• Task prompt:
Nothing but the lines holding the string "столовой" should appear in the answer. Copy them from the entries.

• Material for this exercise:
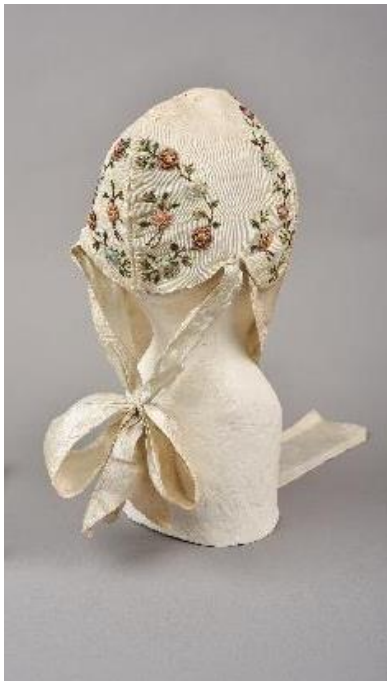
Cale à diairi, 19 e siècle, taffetas de soie moiré, brodé au ruban de taffetas de soie, fil de soie floche, cannetille diamantée et rubans en satin de soie, Musées de Montbéliard.
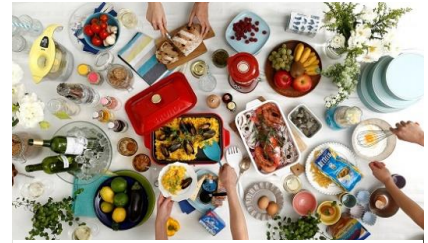
ブルーノ BRUNO (インテリア商品ブランド)
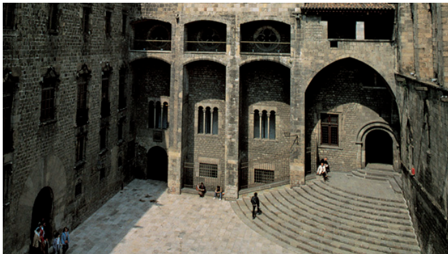
1. Plaça del Rei. Porta de Santa Àgueda, al fons al cap de munt de l'escala, per on tingué entrada l'Acadèmia de Medicina, durant alguns anys de la primera meitat del segle XIX.
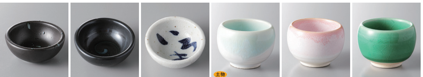
158-19-56H 260円 天目白丸珍味 6×2.5cm 158-20-32H 250円 黒うず小つづ 6×2.5cm 158-21-56H 250円 いろは丸珍味 6×2.5cm 158-22-33H 330円 青流珍味 5.5×4cm 158-23-77H 340円 桜流し珍味 5.3×3.7cm 158-24-77H 340円 グリーン貫入珍味 5.3×3.7cm
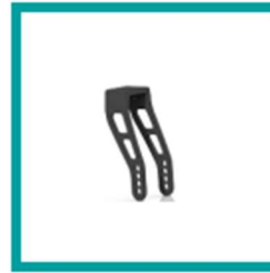
00 Code 174
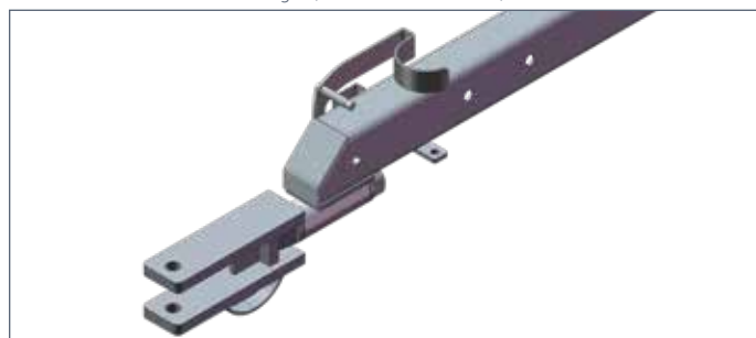
IT: Timone a forcella / EN: Clevis drawbar / FR: Attelage a chappe / DE: Deichsel mit Anhängegabel / ES: Tiro de forquilla
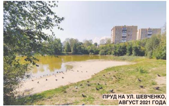
ПРУД НА УЛ. ШЕВЧЕНКО, АВГУСТ 2021 ГОДА

В настоящее время полным ходом идёт строительство многоквартирных домов на Птицефабрике. Ранее было известно, что в микрорайоне в четыре очереди планируют снести 20 малоэтажных жилых домов, в результате должны расселить более 900 семей. Будет ли это реализовано – непонятно до сих пор. Застройщик ни шатко ни валко ведёт работу по переселению жителей, правда, у людей в ходе такой работы появляется очень много вопросов и разногласий с коммерсантами. За помощью в их решении ко мне обращаются жители Птицефабрики. Мы с моими помощниками стараемся разобраться в возникших сложностях и помочь в отстаивании прав. Между тем строительные работы вдоль Рязанского шоссе продолжаются, три дома
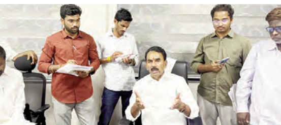
అధికారులతో మాట్లాడుతున్న మంత్రి జాషుజీ కృష్ణారావు

వనపర్తి ప్రతినిధి, మార్చి 14 ప్రభాతవార్త: కొల్హాపూర్ నియోజకవర్గ పరిధిలో చేపట్టిన అభివృద్ధి పనులు, సంక్షేమ పథకాల అమలు, అల్లి దారుల ఎంపిక, సాగునీటి ప్రాజెక్టుల విషయంలో అధికారులు నిర్లక్ష్యం వీడాలని, ప్రజా ధనం దుర్వినియోగం కాకుండా పారదర్శకత పాటించాలని మంత్రులు, సాగునీటి శాఖ మంత్రి జాషుజీ కృష్ణారావు ఆదేశించారు. శుక్రవారం సాయంత్రం వనపర్తి ఐడీఓ కార్యాలయంలో ఏడో, పాస్ గర్, చిన్నబావి, వీపనగండ్ల మండలాలకు చెందిన సర్పంచులు, కార్యదర్శులు, ఎలపీఓలు, డి.ఓ.లు, డి.ఎల్.ఓ.లతో మంత్రి సుదీర్ఘంగా సమీక్షించారు. ముఖ్యంగా ఇందిరమ్మ ఇళ్ళ నిర్మాణంలో అల్లి దారులు ఎదుర్కొంటున్న సాంకేతిక ఇబ్బందులను వెంటనే పరిష్కరించాలని హాసాంగ్ షి.డి. ఏకలను ఆదేశించారు. శ్రేణిస్థాయిలో సమన్వయం స్వయంగా పరిశీలించి నివేదిక ఇవ్వాలని సూచించారు. గ్రామ పంచాయతీలకు వచ్చే నిధులు, 15వ ఆర్థిక సంఘం నిధుల వినియోగంపై మంత్రి అధికారులకు దిశా నిర్దేశం చేశారు. నిధులను ఏ ఏ పనులకు ప్రాధాన్యత క్రమంలో ఖర్చు చేయాలో వివరిస్తూనే, గ్రామాభివృద్ధిలో అధికారులు పాత అత్యంత కీలక మని గుర్తు చేశారు. ఆనంతరం నీటి పారుదల శాఖ అధికారులతో నిర్వ
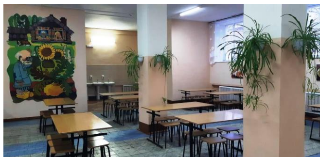
Обеденный зал столовой

В школьной столовой имеется весь необходимый набор помещений для приготовления пищи. Пищеблок полностью укомплектован необходимым оборудованием для обработки сырья, приготовления пищи, ее раздачи, сбора и мытья посуды, имеется обеденный зал на 80 посадочных мест.
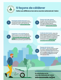
Infographie : 5 façons de célébrer

En plus de faire la promotion de votre événement, Arbres Canada veut donner les moyens aux individus, aux organisations et aux collectivités de cultiver et d'entretenir des espaces verts locaux. Nous avons élaboré des ressources sur la plantation et l'entretien des arbres.

• Exercise solution:
Обеденный зал столовой
В школьной столовой имеется весь необходимый набор помещений для приготовления пищи. Пищеблок полностью укомплектован необходимым оборудованием для обработки сырья, приготовления пищи, ее раздачи, сбора и мытья посуды, имеется обеденный зал на 80 посадочных мест.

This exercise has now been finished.